By Jack Minch
Sentinel & Enterprise
April 21, 2012
LEOMINSTER — Carolina Correa was just 6 years old when her grandparents were murdered in her native Colombia.
Six months later her father was stabbed 36 times and left to die on the steps to their home.
Violence and tragedies continued to pursue her early life but Correa told about 200 young people at the 13th annual North Central Massachusetts Youth Summit that she made a decision to persevere and go to college after arriving in the United States.
“Life has a funny way of throwing obstacles at us,” Correa said. “My life isn’t perfect, your life isn’t perfect. Don’t use it as a crutch.”
LUK organized the summit, held at the Boys & Girls Club of Fitchburg and Leominster, to celebrate community service leadership among young people, but it took a large collaboration to pull it off, said Train Wu, the youth development coordinator for LUK.
“For me, personally, leadership is someone who does things other people do not want to do,” Wu said.
LUK has a youth development program encouraging young people to be positive influences on their peers, which served as an impetus for the summit, said Amanda Landry, a mentor recruiter for LUK.
Many young people contribute to their communities, including working with the elderly, cleaning their neighborhoods and helping others at school, said Dean Bailey, a youth development specialist for LUK.
“Our goal is to get them as much recognition as possible,” he said.
District Attorney Joseph D. Early Jr. briefly addressed the summit. Afterward he praised LUK and the collaboration that put together the the summit.
“This is the type of thing kids need to be involved with,” he said.
The summit encouraged children to persevere and to work hard for education.
“What better message is there than that?” Early asked.
During her keynote address, Correa shared the story of her life in Colombia and as an immigrant child who set a goal to reach college and is now a dual major in psychology and political science at Assumption College in Worcester.
She was the first Latina to be named teen spokeswoman for the Boys & Girls Club of America in 2009-2010.
After her father was murdered, Correa, 21, went to live with another grandmother and received financial support from an aunt.
Then the aunt was murdered and her grandmother suffered a fatal heart attack.
Correa’s mother remarried and the family moved to Pawtucket, R.I., but her problems didn’t end.
Her stepfather’s health failed, and Correa had to care for him while her mother worked multiple jobs to support the family.
She credited the Boys & Girls Club with teaching her to be her own person and to persevere over obstacles.
She arrived in the United States unable to speak English and now speaks with hardly a trace of an accent.
Five years ago she was afraid to swim in the deep end of a pool but now is a member of Assumption College’s swim team.
“It’s struggles that builds foundations. It’s struggles that build strength. It’s struggles that build learning.

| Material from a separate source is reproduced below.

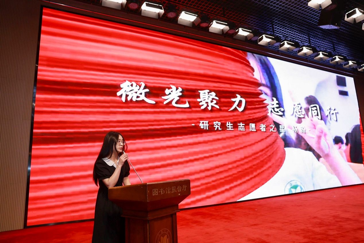 ac米兰官网中文网站第二十届研究生十佳歌手冠军柳亦晨同学开场为大家带来歌曲《落叶归根》,欢迎广大校友回家,点燃现场气氛。

Luis Correa, 16, a Leominster High School junior, plans to be an architect, and after Carolina Correa’s speech he attended a workshop on music production.
“I figured it would be interesting to improve my leadership from guest speakers,” said Correa, who is not related to Carolina Correa.
Kareen Serwaa, 16, a sophomore at Leominster High School, is a member of Upward Bound and wants to attend college to be a hematologist who works with patients who have sickle cell anemia.
She planned to attend workshops on drug- and alcohol-abuse prevention, and a hip-hop dance class.
“I’m here to experience what’s going on, it’s my first time,” Serwaa said.
Samantha Heughan, 13, is a Gardner Middle School eighth-grader.
She attended the leadership summit with an eye toward how it can help her in college.
LUK’s planning partners for the summit included Fitchburg State University, Upward Bound Program, Early’s office, Montachusett Opportunity Council and the Boys & Girls Club of Fitchburg and Leominster.
Partial funding was provided by the state Public Health Department, Youth Violence Prevention Program, and North Central Massachusetts Workforce Investment Board.